Страница произведения
Войти
Зарегистрироваться
Страница произведения

Сфинкс на скале


Автор:
Жанр:
Опубликован:
25.12.2009 — 15.12.2012
Предыдущая глава  
↓ Содержание ↓
  Следующая глава
 
 

Лутацию трудно было беседовать с клиентами, быть, как обычно, внимательным и любезным. Лицо его могло не выражать ничего, но в душе словно дрались цирковые львы. Он не желал верить Гаю Верресу. Не желал, и все. Но просто забыть о его словах не мог.

Следовало разобраться.

И помыслить было страшно о том, чтоб оставить Лутацию без Квинта — она без него уже дня прожить не могла...

Когда поток клиентов иссяк, появился Квинт — видно, сегодня на форуме не намечалось ничего интересного... Он давно уже стал в доме своим человеком. И часами мог болтать с Лутацией — при этом не пытаясь преступить границу приличий. Тут уж Лутаций мог доверять ему, как себе... Самая большая вольность, которую Квинт допускал, это — когда они сидели на полу в перистиле — растянуться рядом с Лутацией и положить голову ей на колени. Та произносила стихотворную строчку и требовала угадать, откуда она. Квинт чаще угадывал, редко ошибался — тогда его трепали за чубик или щелкали по носу. Приходила важная, как престарелый консуляр, Фиона — зеленоглазая кошка с бледно-рыжей шерстью, любимица Лутации. Фиона была зверем ночным, уходила, когда темнело, где-то бродила, ловила палатинских мышей, должно быть. Но не спала потом весь день, о нет! Ни одно событие в доме не обходилось без ее участия и одобрения. Она всегда являлась засвидетельствовать свое почтение Квинту, коего снисходительно приняла в семью. Завидя, что Фиона направляется к ним на своих мягких лапках, Квинт в комическом ужасе округлял глазищи... У зверя были свои способы выражения приязни: Фиона величаво восходила на распростертое несомненно для этой цели тело Квинта, некоторое время важно расхаживала по нему туда-сюда, затем укладывалась у Квинта на груди и — тут Лутация всегда просто покатывалась со смеху — пристраивала свою круглую мордочку Квинту на подбородок и задумчиво глядела ему в глаза. Квинт строил уморительнейшие гримаски, стараясь не смеяться — роскошные кошачьи усы щекотали ему щеки, а порой и нос.

Старая Аттида, в прошлом нянька обоих детей Катула, украдкой любовалась на молодых людей из-за колонны. Лутаций, пришедший позвать Квинта для серьезного разговора, сразу заметил ее.

— Совсем наша девочка голову потеряла, — шепотом сообщила ему старуха.

— Лутация не из тех, кто теряет голову, — еще тише прошелестел Лутаций.

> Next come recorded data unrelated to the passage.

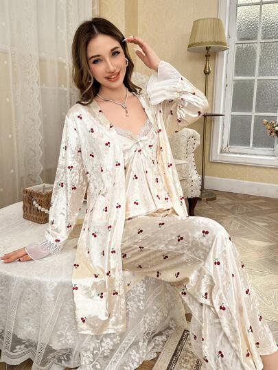 CottageSlumber 3pcs/Set Plush Cherry Print Lace Patchwork Camisole Top & Pants And Robe Loungewear Set, Autumn/Winter Holiday Season - Apricot - View 1
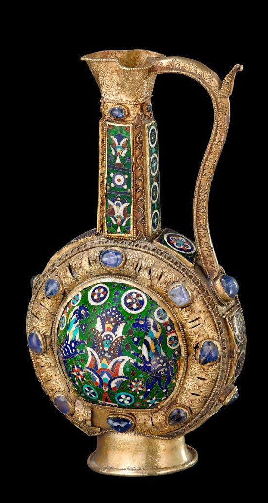 Arriba. Jarro de Carlomagno. Oro, filigranas, zafiros, calcedonia y esmaltes bizantinos que representan un Árbol de la Vida (s. IX).
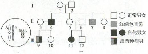 14.[2025·湖南衡阳高一检测]图一为白化病基因(用a表示)和红绿色盲基因(用b表示)在某人体细胞中分布示意图,图二为有关红绿色盲和白化病的某家庭遗传系谱图,其中Ⅲ₉同时患白化病和红绿色盲,Ⅱ₄与Ⅲ₁₁患同一种病。下列选项正确的是(
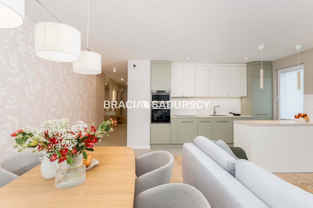 W salonie jest wygodna kanapa, szafka telewizyjna, witryna na porcelanę, stół oraz krzesła. Przestronna kuchnia z dodatkową wyspą zapewnia komfortową przestrzeń do gotowania i magazynowania. Jest wyposażona w cały niezbędny sprzęt AGD tj. płyta indukcyjna, piekarnik, zmywarka, lodówka oraz okap. Mieszkanie z klimatyzacją.
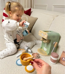 Fun in the café offers a great opportunity for learning through play! The set from the brand Woopie Green allows children to play as little baristas with 25 elements, including a coffee maker, cups, capsules, and milk. Made from natural wood and painted with safe colors, it ensures a realistic appearance and safe fun.
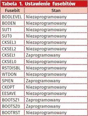 Wszystkie potrzebne sygnały do programowania mikrokontrolera zostały wyprowadzone na złączu szpilkowym Z1, dzięki czemu nie trzeba programować mikrokontroler w dedykowanej podstawce przed wlutowaniem, a można tego dokonać po zmontowaniu układu. Bity konfiguracyjne mikrokontrolera należy ustawić zgodnie z tabelą 1 (fuse high byte: 0xD9, fuse low byte: 0xFD).

Но Аттида только покачала седой головой — она знала женщин куда лучше молодого хозяина, долго прожила на свете и в молодости была хороша. И уж как-нибудь видела, что Лутация уже просто дышит своим дружком, да и в снах его видит чуть не каждую ночь. Таких вещей юной девочке не скрыть от старой женщины, да Лутация ведь и не скрывала.

— Ну, они же еще совсем дети... — буркнул Лутаций неопределенно-снисходительно.

И Аттида снова покачала головой.

Это Лутация была ребенком. Потому что девочка, воспитанная по-порядочному. Она и Города-то своего толком еще не видала, разве что чистый и нарядный Палатин, где стояли дома друзей семьи. Да Капитолий, да храмы, да праздничные шествия... Кому ж непонятно, что мальчишка, даже если совсем сопляк — дело совсем другое? Любой мальчишка, если он не тихоня, вечно удирает из дому — поначалу головастиков в Тибре ловить, потом девиц в Субуре... А что до именно этого мальчика, тут Аттида не знала, что и подумать. Он был в меру почтителен с Лутацией и в меру игрив, смотрел на нее хорошими глазами влюбленного парня, но что-то в нем уже просверкивало... совершенно мужское. Видно было, что он не будет мужем, зависящим от взгляда или каприза жены. Это он будет делать что хочет — дни проводить в сенате, ночами пить с дружками, уходить из дома в любое время, а то и в походы уезжать. А она — смиренно ждать его и вокруг него прыгать, стоит ему соблаговолить вернуться под семейный кров. Аттида даже не могла понять, почему Квинт Гортензий производит на нее такое впечатление: почти по-девичьи миловидный мальчишка, кажущийся — вот сейчас, когда с кошкой целуется — таким ласковым и душаливо-веселым.

Аттида была точно уверена, что может сказать то же самое про молодого Лутация, но у Лутация-то даже маленького чувствовался железный хребет...

Лутаций меж тем окликнул Квинта:

— Пойдем-ка в таблин, у меня к тебе разговор.

Квинт почуял неладное сразу — хотя даже людям, знающим Лутация всю жизнь, его тон не сообщил бы ничего. Ну разговор, мало ли, что за разговор может быть у двух юных римских мужчин, к тому ж уже почти что родственников? Но Квинт, с каждым днем совершенствующий свой ораторский дар, слышал то, чего не слышат другие: он вряд ли мог бы объяснить, что именно его насторожило — что-то в голосе Лутация, а может, в звуке его шагов... Они уселись в кресла друг напротив друга.

— Квинт, сегодня ко мне приходил Гай Веррес...

Квинт ожидал чего угодно, но не этого, и не смог скрыть удивления и растерянности.

— Зачем? — спросил он. К счастью, собственный его голос прозвучал спокойно. — Разве есть у тебя какие-то дела с ним?

— У меня-то нет. Но он рассказал мне... странные вещи. О ваших делах с ним. И дела эти мне не понравились.

Квинт мигом почувствовал себя как на суде, где наверняка можно поплатиться за неосторожное слово. Ведь он не знал, что именно наплел Гай Лутацию. Сказал ли, например, про убийство Цикады?.. Квинт вполне искренне считал себя и причиной, и соучастником этого преступления. Вот ведь подстава-то...

— Ну какие дела, скажи на милость? — усмехнулся он, выигрывая время. — Веррес, как известно, риторикой не занимается, в то время как я занимаюсь только ею.

— В прошлом году на его вилле ты тоже риторикой занимался?..

Ага, все-таки вилла, значит...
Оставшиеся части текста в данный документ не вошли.